Everywhere I travel in Washington state I hear from families struggling to find a safe and affordable place to live. Whether it is a young couple looking to buy their first home, a family searching for rental housing near their job, or a senior citizen who wants better access to social services, it is harder than ever to find affordable housing. Across the country public housing agencies and non-profit organizations are working to help families find a place to call home. At the same time, they are contributing to community revitalization efforts that will bring new jobs and opportunities. But a lack of funding threatens the achievements that have been made and the work that is yet to be done. I urge you to include in your budget the resources necessary to address the housing affordability crisis facing our nation and ensure that our nation’s most vulnerable are not left out in the cold.
It is also critical that we continue to invest in our nation’s infrastructure.

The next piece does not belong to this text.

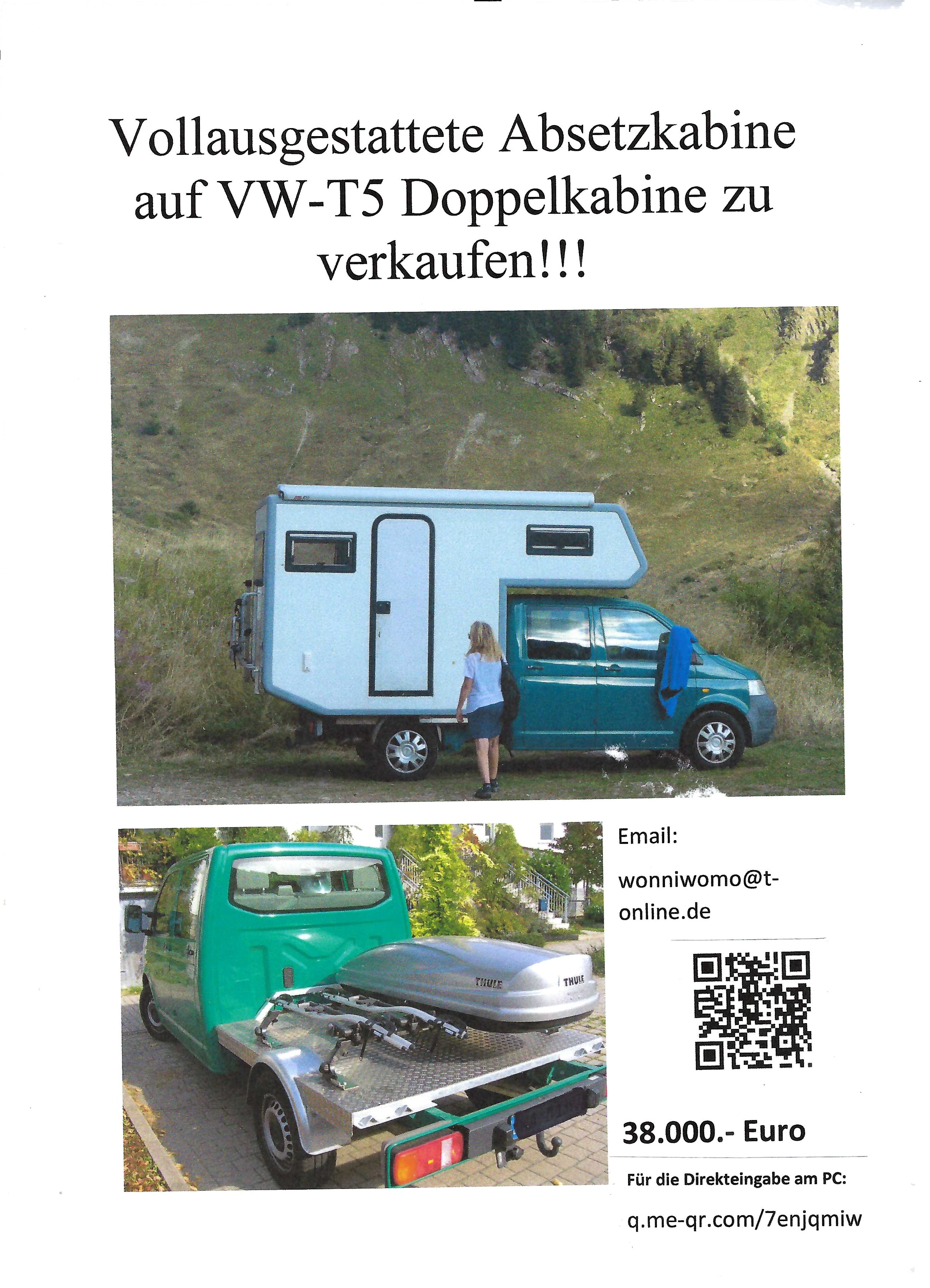 ich verkaufe aus familiären Gründen meinen geliebten VW-T5 Doppelkabine mit Absetzkabine.

Recent cuts in transportation spending threaten to weaken airline safety, impose new transportation costs on American businesses, and cost tens of thousands of construction jobs. Investing in our nation’s transportation infrastructure will help reduce congestion, improve safety, and support continued economic growth. I urge you to support these critical investments.
I urge you to carefully consider these concerns and priorities as you prepare to submit your budget to Congress. These are the real priorities of working families in Washington State. I believe if you submit a realistic, fiscally sound budget, we can work in a bipartisan fashion to provide for our families, our communities and our troops serving with such honor.